* Exercise goal
Output nothing but the lines from the beginning of the listing below through the line containing "A Beanie Baby", exactly as they stand, without pictures.
------------------------------------------------------------
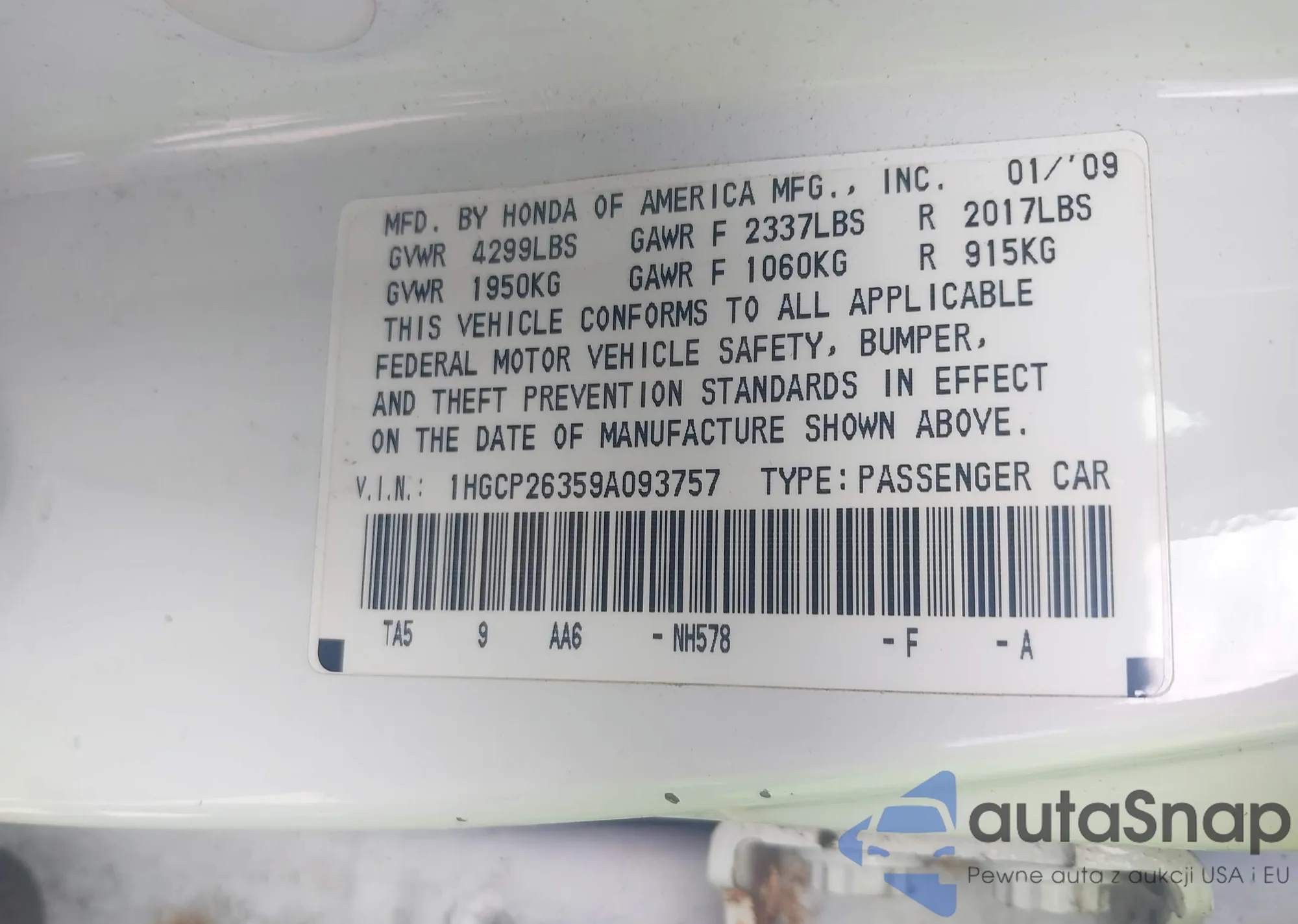 LOT: 43245826 VIN: 1HGCP26359A093757
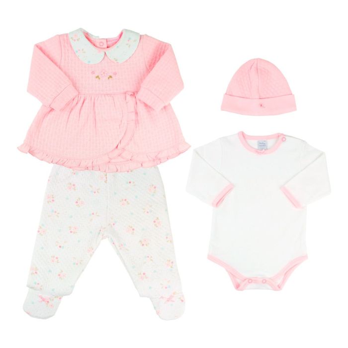El vestido-tunicón rosa está confeccionado con una suave textura acolchada que es perfecta para la delicada piel de tu bebé. Su cuello "Peter Pan" blanco con bordado floral y el acabado de volantes en el dobladillo le dan un toque muy dulce y coqueto. El pantalón con pies, de base blanca y un delicado estampado floral en tonos pastel, garantiza que los deditos de tu bebé se mantengan calentitos sin necesidad de calcetines que se puedan caer.
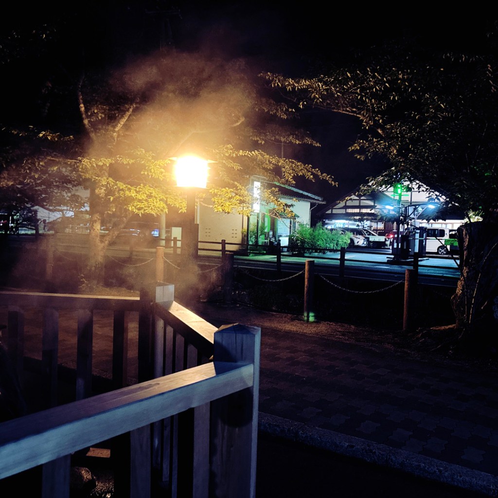 On demande si y’a un onsen pas trop loin. Vu son visage, c’est évident qu’il y a des onsens pas trop loin. Elle nous dit le nom d’un quelque part. Je regarde sur internet. Effectivement, il y a toute une rue, avec 7 onsens, et c’est précisé « tattoo friendly ». C’est à 10 minutes en voiture. Alors là ma bonne dame, que demande le peuple.
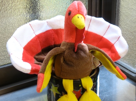 A Beanie Baby turkey can double as a toy and a Thanksgiving decoration.
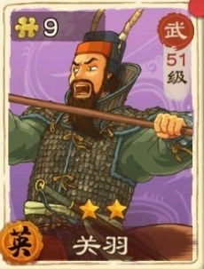 关羽:游戏前期,可将关羽作为主力进行培养。关羽一旦培养起来,伤害相当可观,无论是攻城还是通过沙盘演武,都完全足够。首充赠送的宝物赤兔马,与关羽极为适配。在前期,即便搭配一些散装宝物,关羽也较易成型,而且在选择主将技时,不会与其他两个位置产生冲突,特别适合在前期过渡阶段培养。关羽的基础天赋,能让主将技【青龙】直接斩落敌方武将,在对战全才类角色时,效果极佳。
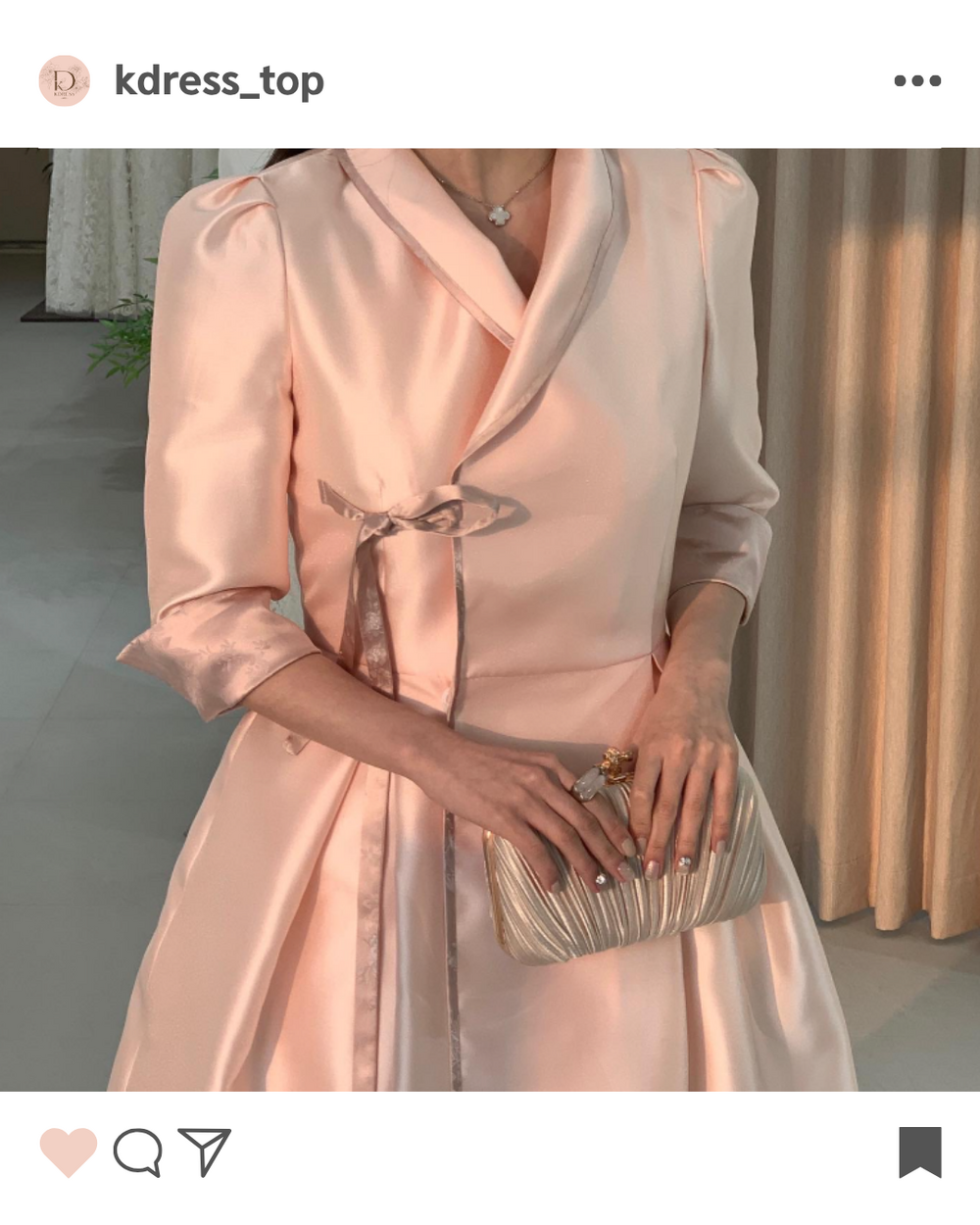 This dress blends the subtle sheen of Italian silk with the luxurious texture of traditional Korean brocade, creating an elegant mood reminiscent of royal styles from both East and West. Designed to be more convenient to wear than a traditional hanbok, it is perfect for weddings or other special occasions, and is highly recommended for those seeking a distinctive, graceful look with a Korean touch.
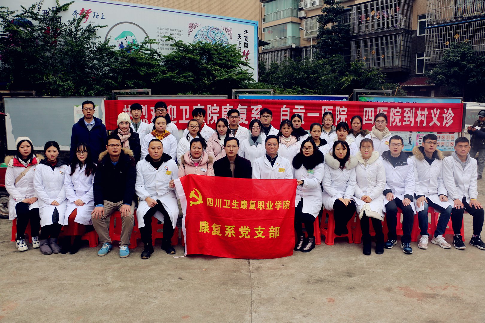 为进一步提升扶贫村广大农民脱贫致富能力,提高健康水平,受富顺县万寿镇莲花村党支部邀请,bat365官方网站康复系党支部携手附属自贡市第一、第四人民医院康复科党支部,在康复系主任、支部副书记章荣及系副主任、常务副书记谭惠的带领下,一行30余人,于2019年1月4日前往莲花村开展义诊活动,向当地村民送去了康复医疗服务。
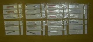組木工房が世界中から個人輸入をした外国製の糸鋸刃のコレクションの写真を見て下さい。
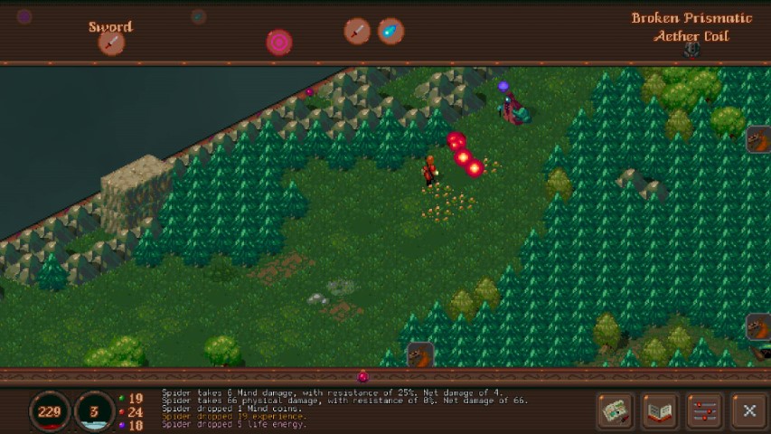 È vero che anche i roguelike più “hardcore” offrono ben poche opzioni e comodità, ma la gestione del proprio equipaggiamento e le informazioni circa gli oggetti trovati in giro per i dungeon sono una consuetudine naturale. Se non una vera e propria scheda del personaggio, almeno la possibilità di valutare gli equipaggiamenti prima di fare un viaggio “a vuoto” dovrebbe essere garantita.
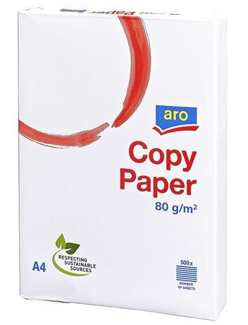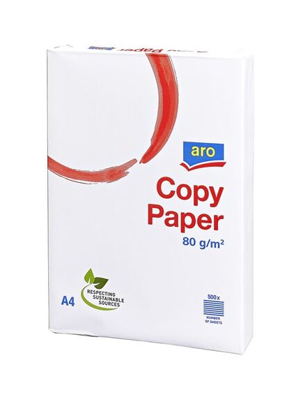 Офисная бумага aro формата A4 с плотностью 80 грамм на квадратный метр приходится на учебе, в хозяйстве и на работе. Изготовлена в Финляндии. Подходит для использования на принтере, копировальном автомате, письма от руки или рисования. Обладает оптимальными характеристиками гладкости, белизны и непрозрачности. Листы плотные, долгое время сохраняют первоначальный внешний вид.
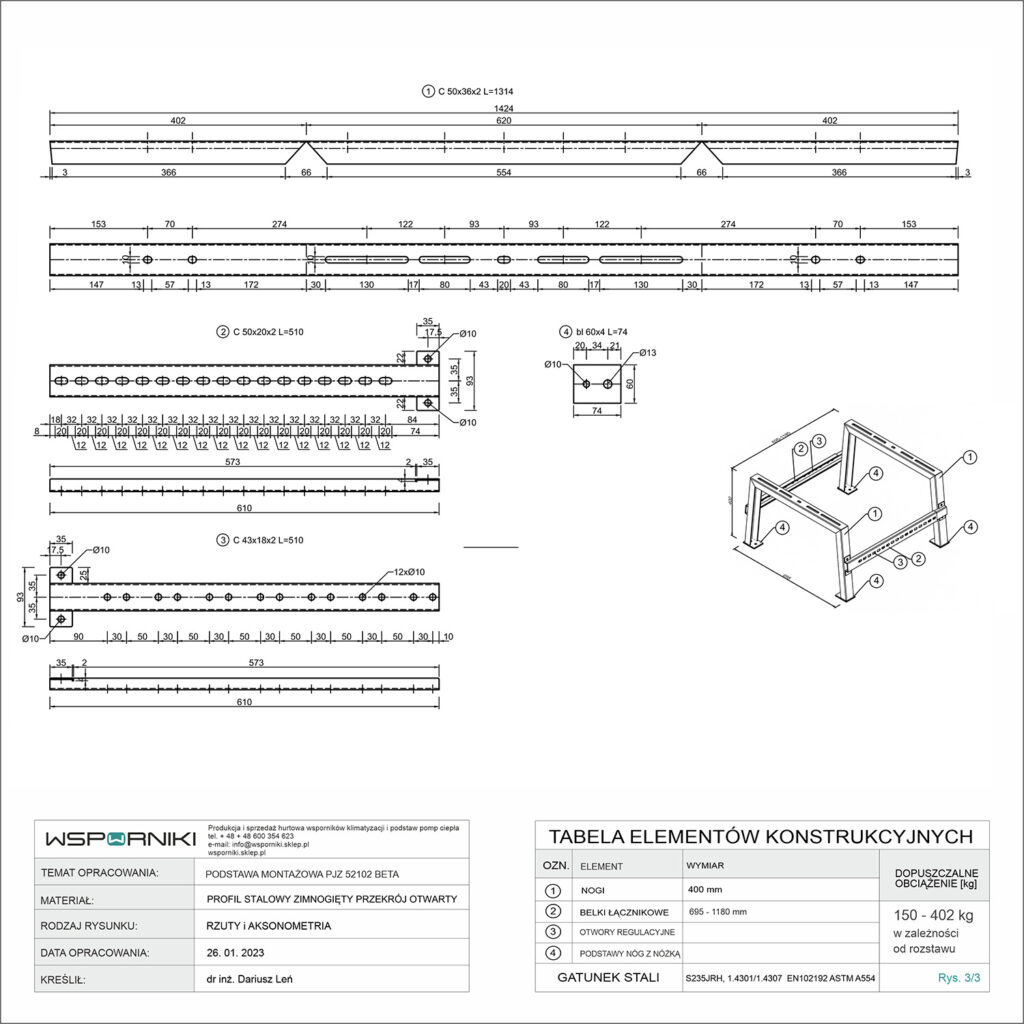 Instrukcja składania podstawy: Podstawa stalowa do montażu jednostki zewnętrznej / malowana podkładem cynkowym i farbą – PJZ 52/102 BETA M
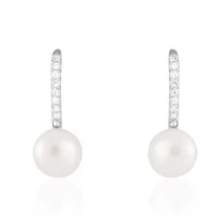 Boucles D’oreilles Pendantes Gwaldys Argent Perle De Culture Et Oxyde
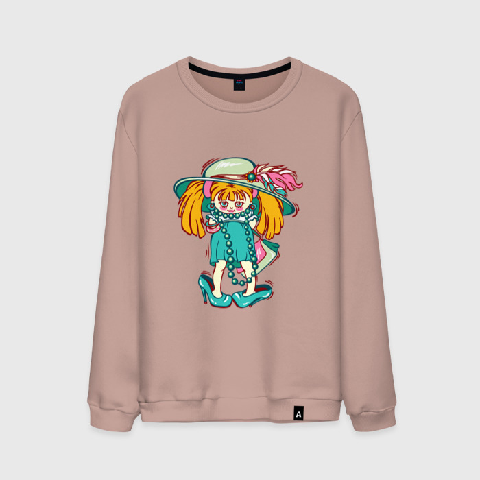 Мужской свитшот хлопок Грустная девочка в зеленом платье с желтыми волосами
------------------------------------------------------------
* Task answer
 LOT: 43245826 VIN: 1HGCP26359A093757
El vestido-tunicón rosa está confeccionado con una suave textura acolchada que es perfecta para la delicada piel de tu bebé. Su cuello "Peter Pan" blanco con bordado floral y el acabado de volantes en el dobladillo le dan un toque muy dulce y coqueto. El pantalón con pies, de base blanca y un delicado estampado floral en tonos pastel, garantiza que los deditos de tu bebé se mantengan calentitos sin necesidad de calcetines que se puedan caer.
 On demande si y’a un onsen pas trop loin. Vu son visage, c’est évident qu’il y a des onsens pas trop loin. Elle nous dit le nom d’un quelque part. Je regarde sur internet. Effectivement, il y a toute une rue, avec 7 onsens, et c’est précisé « tattoo friendly ». C’est à 10 minutes en voiture. Alors là ma bonne dame, que demande le peuple.
 A Beanie Baby turkey can double as a toy and a Thanksgiving decoration.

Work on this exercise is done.